The Federal Reserve Board has been patient with monetary policy tightening, minutes show

According to the minutes released Wednesday, the Federal Reserve Board talked about tapering at a recent meeting, but few seemed to be in a hurry to move the process forward.

The Federal Open Market Committee’s June 15-16 meeting summary provided a glimpse into discussions about when central banks should begin to slow down bond purchases.

Some members pointed out that the economic recovery was faster than expected, accompanied by a significant rise in inflation. Both indicate that the Fed’s foot has been removed from the policy pedal.

But the general idea was that we shouldn’t rush and the market should be well prepared for any changes. According to the minutes, most member states agreed that the economy had not yet met the “substantial further progress” benchmark set by the Fed for a major shift in policy.

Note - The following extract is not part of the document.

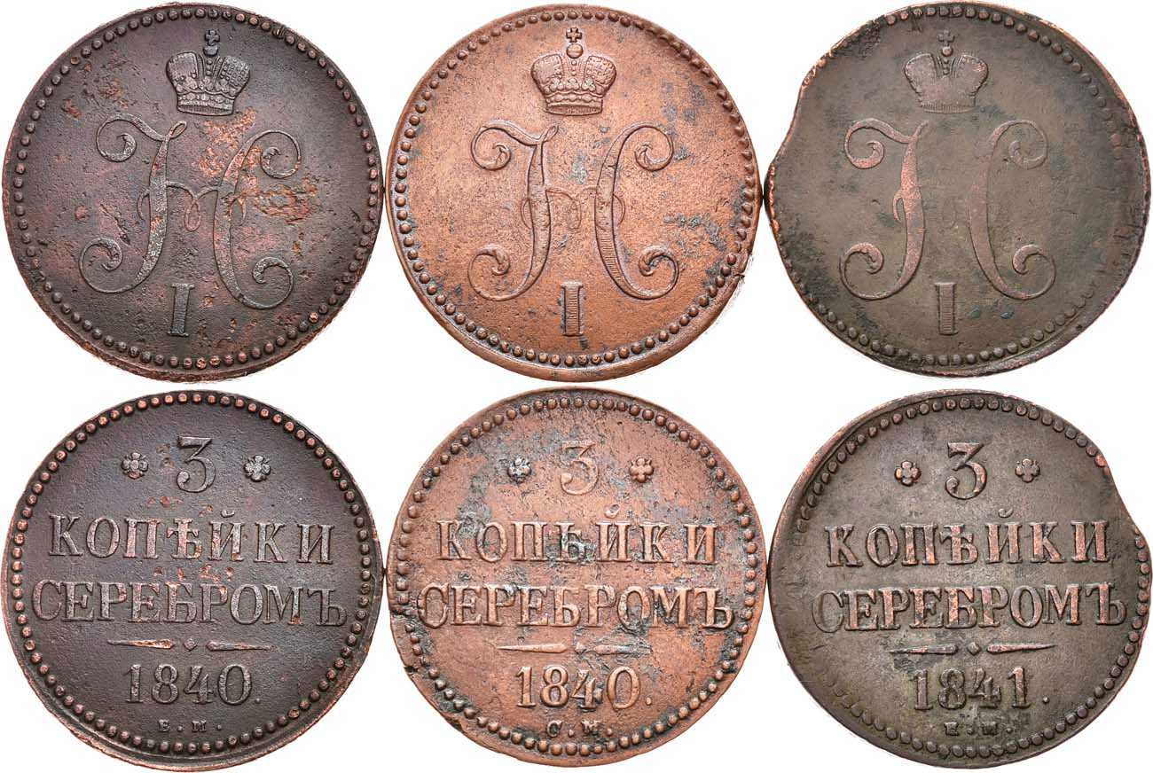 Медь. 3 копейки 1840 года. СМ. 25,90 г. 3 копейки 1840 года. ЕМ. 28,26 г. 3 копейки 1841 года. ЕМ. 30,51 г.

“At future meetings, participants agreed to continue to assess economic progress towards the Commission’s goals and discuss plans to coordinate the path and composition of asset purchases,” the minutes said. Stated. “In addition, participants reiterated their intention to provide notice long before the announcement to slow down purchases.”

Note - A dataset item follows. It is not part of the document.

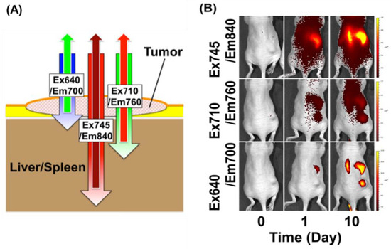 Depth-dependent NIR fluorescence in vivo imaging of a tumor. (A) A schematic illustration of depth-dependent NIR fluorescence imaging. Longer excitation and emission wavelengths, such as 745/840 nm (Ex745/Em850), can penetrate tissue very well and can detect particles in deeper sites, compared to shorter wavelengths (i.e., Ex710/Em760 and Ex640/Em700). (B) We administered totals of 2 mg (Day 1) and 6 mg (Day 10) of thiol-OS/IR820 into a mouse that had a subcutaneous xenograft tumor intravenously and observed the fluorescence using the in vivo imaging system under three excitation/emission wavelength conditions (Ex640/Em700 nm, Ex710/Em760 nm, and Ex745/Em840 nm). Reproduced with permission from Nakamura, M.; Hayashi, K.; Nakamura, J.; Mochizuki, C.; Murakami, T.; Miki, H.; Ozaki, S.; Abe, M. Near-Infrared Fluorescent Thiol-Organosilica Nanoparticles That are Functionalized with IR-820 and Their Applications for Long-Term Imaging of in Situ Labeled Cells and Depth-Dependent Tumor in Vivo Imaging. Chem. Mater. 2020, 32, 7201–7214 [106].

The document said some officials saw a tapering condition that was “satisfied somewhat faster than expected,” while others said the FOMC “assessed progress towards the goal and planned asset purchases.” You have to be patient to announce the changes. “

Markets showed little reaction, equities rose and government bond yields fell.

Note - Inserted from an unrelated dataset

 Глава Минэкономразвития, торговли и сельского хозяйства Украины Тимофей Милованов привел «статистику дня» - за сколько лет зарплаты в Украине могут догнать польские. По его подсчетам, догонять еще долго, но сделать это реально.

“The minutes of the Fed’s mid-June FOMC meeting weren’t as hawkish as we thought,” said Paul Ashworth, chief US economist at Capital Economics. “Especially, there seems to be limited support to start declining monthly asset purchases quickly.”

At the meeting, the Commission held short-term interest rates close to zero, but also indicated that it could otherwise adjust its policies in the coming months.

The Federal Reserve’s policy-making group has fixed benchmark rates in the range of 0% to 0.25%. That was as expected by the market.

However, at a post-meeting press conference, Chairman Jerome Powell showed that members of the committee had the first discussion about slowing down the central bank’s monthly bond purchases. Currently, the Fed has purchased at least $ 80 billion in Treasury bills and $ 40 billion in mortgage-backed securities.

In the weeks following the meeting, some officials said they believe it was time to devise a process on how these purchases would be reduced and eventually eliminated.

The meeting summary was expected to provide further clues to the Commission members’ thoughts on when the tapering would begin.

However, the minutes were rarely added to the public dialogue about the pace of asset purchases. This basically indicates that the authorities are “talking about tapering,” reflecting what has become a popular market idiom, but little other progress. Some members discussed the possibility of reducing mortgage purchases before the Treasury, but nothing was decided.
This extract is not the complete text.